By analyzing existing cross correlation between Iaadx and Angel Oak Multi Strategy, you can compare the effects of market volatilities on Iaadx and Angel Oak and check how they will diversify away market risk if combined in the same portfolio for a given time horizon. You can also utilize pair trading strategies of matching a long position in Iaadx with a short position of Angel Oak. Check out your portfolio center. Please also check ongoing floating volatility patterns of Iaadx and Angel Oak.

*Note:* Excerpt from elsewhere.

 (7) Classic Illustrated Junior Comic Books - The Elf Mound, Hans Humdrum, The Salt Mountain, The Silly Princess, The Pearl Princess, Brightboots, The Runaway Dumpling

Diversification Opportunities for Iaadx and Angel Oak

0.71
  Correlation Coefficient

Poor diversification

The 3 months correlation between Iaadx and Angel is 0.71. Overlapping area represents the amount of risk that can be diversified away by holding Iaadx and Angel Oak Multi Strategy in the same portfolio, assuming nothing else is changed. The correlation between historical prices or returns on Angel Oak Multi and Iaadx is a relative statistical measure of the degree to which these equity instruments tend to move together. The correlation coefficient measures the extent to which returns on Iaadx are associated (or correlated) with Angel Oak. Values of the correlation coefficient range from -1 to +1, where. The correlation of zero (0) is possible when the price movement of Angel Oak Multi has no effect on the direction of Iaadx i.e., Iaadx and Angel Oak go up and down completely randomly.

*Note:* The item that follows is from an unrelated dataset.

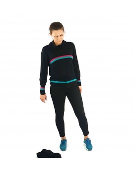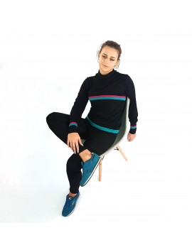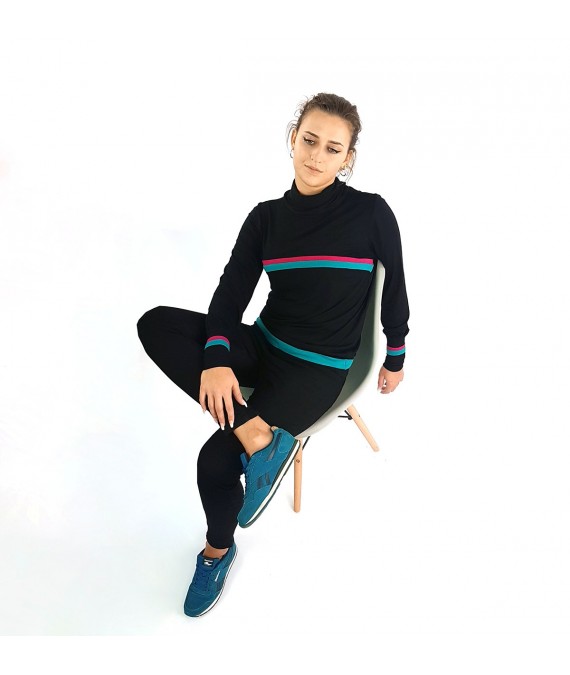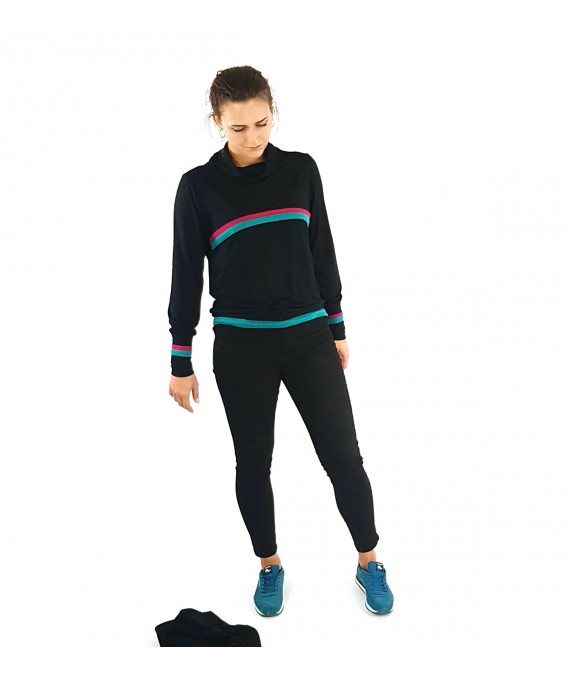 Schwarze Rollkragen Pullover mit Petrol/ Pink Streifen.

Pair Corralation between Iaadx and Angel Oak

Assuming the 90 days horizon Iaadx is expected to generate 1.37 times more return on investment than Angel Oak. However, Iaadx is 1.37 times more volatile than Angel Oak Multi Strategy. It trades about 0.14 of its potential returns per unit of risk. Angel Oak Multi Strategy is currently generating about 0.15 per unit of risk. If you would invest  845.00  in Iaadx on August 26, 2024 and sell it today you would earn a total of  83.00  from holding Iaadx or generate 9.82% return on investment over 90 days.
Time Period3 Months [change]
DirectionMoves Together 
StrengthSignificant
Accuracy100.0%
ValuesDaily Returns

Iaadx  vs.  Angel Oak Multi Strategy

 Performance 
       Timeline  
Iaadx 

Risk-Adjusted Performance

0 of 100

 
Weak
 
Strong
Very Weak
Over the last 90 days Iaadx has generated negative risk-adjusted returns adding no value to fund investors. In spite of fairly strong fundamental indicators, Iaadx is not utilizing all of its potentials. The current stock price disturbance, may contribute to short-term losses for the investors.
Angel Oak Multi 

Risk-Adjusted Performance

0 of 100

 
Weak
 
Strong
Very Weak
Over the last 90 days Angel Oak Multi Strategy has generated negative risk-adjusted returns adding no value to fund investors. In spite of fairly strong fundamental indicators, Angel Oak is not utilizing all of its potentials. The current stock price disturbance, may contribute to short-term losses for the investors.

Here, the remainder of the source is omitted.